The 1958 United States Senate election in Massachusetts was held on November 4, 1958. Democratic incumbent John F. Kennedy was reelected to a second six-year term, defeating Republican candidate Vincent J. Celeste.

This election was a rematch of the 1950 election for Massachusetts's 11th congressional district, where John F. Kennedy also defeated Vincent Celeste.

==Democratic primary==
===Candidates===
- John F. Kennedy, incumbent Senator since 1953

===Results===
Senator Kennedy was unopposed for renomination.

==Republican primary==
===Candidates===
- Vincent J. Celeste, East Boston attorney and candidate for U.S. Representative in 1950 and 1952

===Results===
Celeste was unopposed for the Republican nomination.

==General election==
===Candidates===
- Vincent J. Celeste, East Boston attorney and candidate for U.S. Representative in 1950 and 1952 (Republican)
- Lawrence Gilfedder, perennial candidate (Socialist Labor)
- John F. Kennedy, incumbent Senator since 1953 (Democratic)
- Mark R. Shaw, perennial candidate (Prohibition)

===Campaign===
Kennedy was overwhelmingly popular in Massachusetts and the 1958 elections were a wave election favoring the Democratic Party. Celeste's campaign was poorly funded but the candidate worked 17-hour days, running his campaign out of his law offices and attempting to frame the race as one pitting a working-class child of Sicilian immigrants against "that millionaire Jack Kennedy."

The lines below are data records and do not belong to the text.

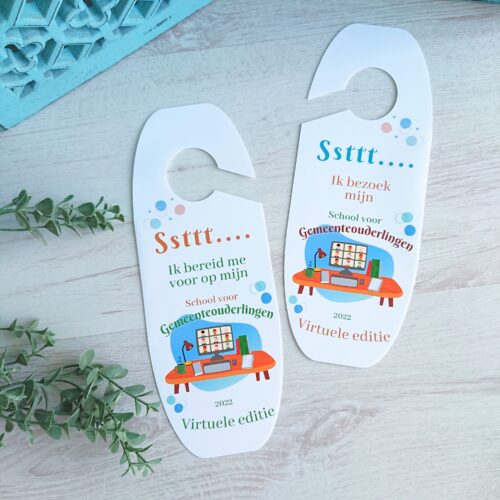 Leuke deurhanger met tekst ‘Ssttt… ik bezoek mijn School voor Gemeenteouderlingen’ en aan de andere zijde ‘Ssttt… Ik bereid me voor op mijn School voor Gemeenteouderlingen’. Gemaakt van stevige, glanzende foto papier. Leuk icm andere ouderlingenschool artikelen.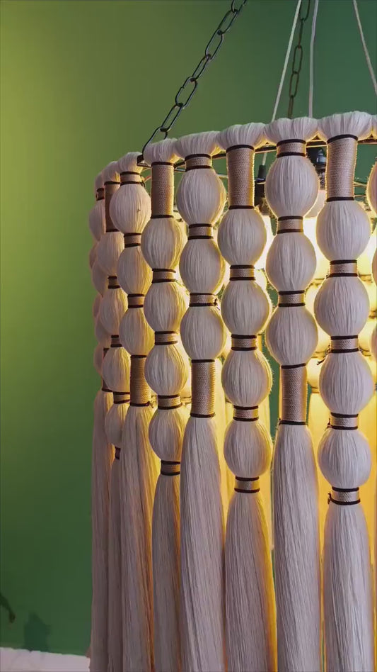 Cotton Tassel Pendant Light, Bohemian Light, Modern Macrame Light, Organic Home Decor, Custom Macrame Chandelier, Woven Chandelier,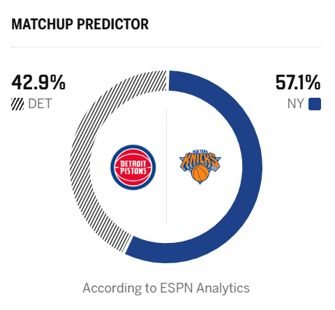 赛前,美媒ESPN预测本场比赛,活塞胜率42.9%,尼克斯胜率57.1%。
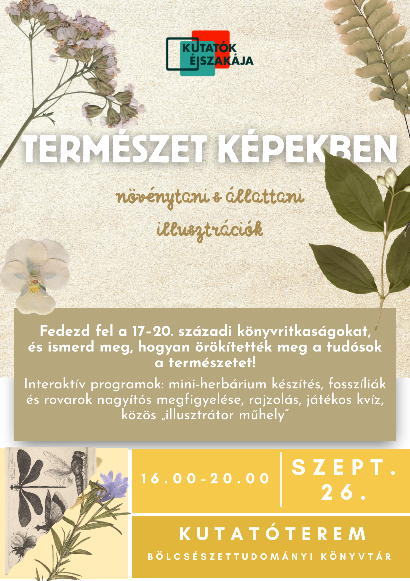 A Debreceni Egyetem Egyetemi és Nemzeti Könyvtár különleges időutazásra hívja a látogatókat. A 17. századtól a 20. század elejéig megjelent könyvritkaságok lapjain keresztül fedezhetjük fel, miként ábrázolták a tudósok és művészek a természetet az elmúlt évszázadokban. A kiállítás bemutatja, hogyan alakult át a természet illusztrálása a festményszerű, szimbolikus ábrázolásoktól a részletgazdag, tudományos pontosságra törekvő képekig. A tárlat ritkaságai között látható többek között Ulisse Aldrovandi 1613-as madártani munkája, Hendrik van Rheede Hortus Indicus Malabaricus című, 1683-ban kiadott botanikai atlasza, Ernst Haeckel ikonikus Kunstformen der Natur albuma, valamint a magyar tudománytörténet gyöngyszemei, például Diószegi Sámuel és Fazekas Mihály Magyar Fűvész Könyve.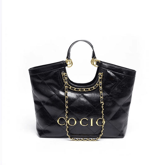 Black Faux Leather Tote Bag with Chain Strap - Black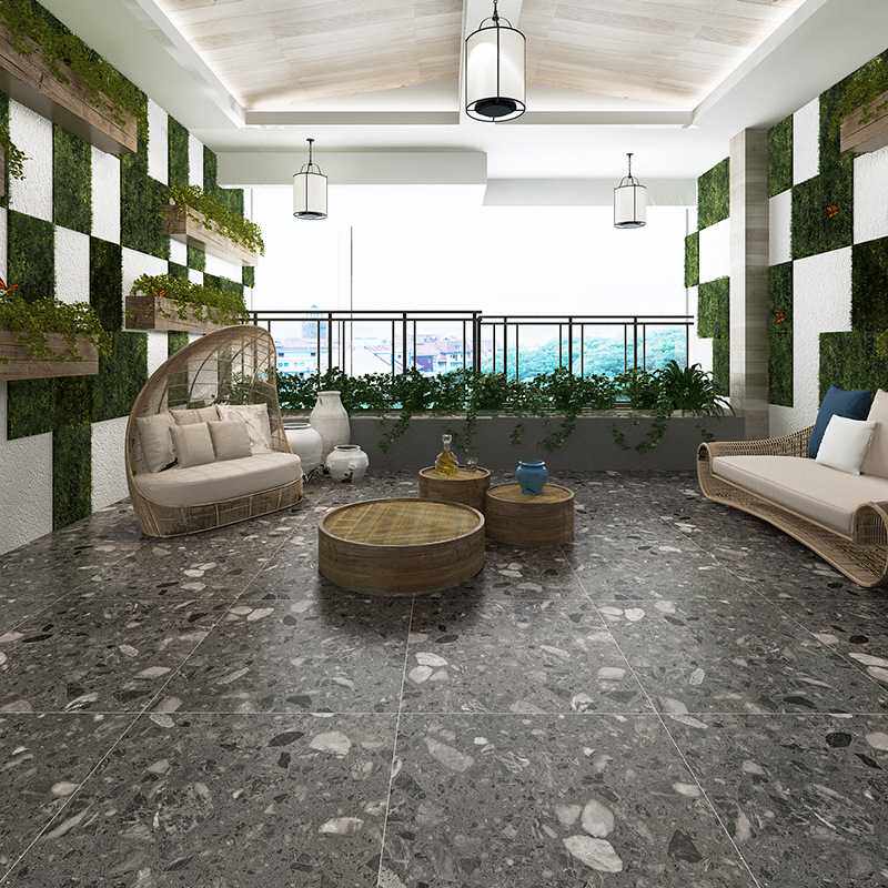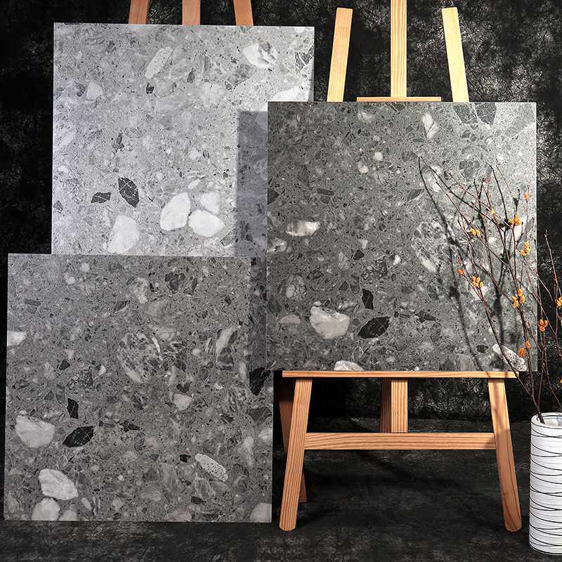 大颗粒半抛面水磨石瓷砖 别墅客厅连锁店防滑耐磨釉面仿古地砖600

The Kennedy campaign had bought and produced thousands of pieces of campaign material with the slogan "Be Proud of Your Vote!" but scrapped them after Celeste's nomination, as Senator Kennedy's father Joe thought the slogan could alienate Italian-Americans and divide the state on ethnic lines.

===Results===
Kennedy defeated Celeste by a margin of 874,608 votes; this represented the largest margin of victory in a statewide Massachusetts election up to that point.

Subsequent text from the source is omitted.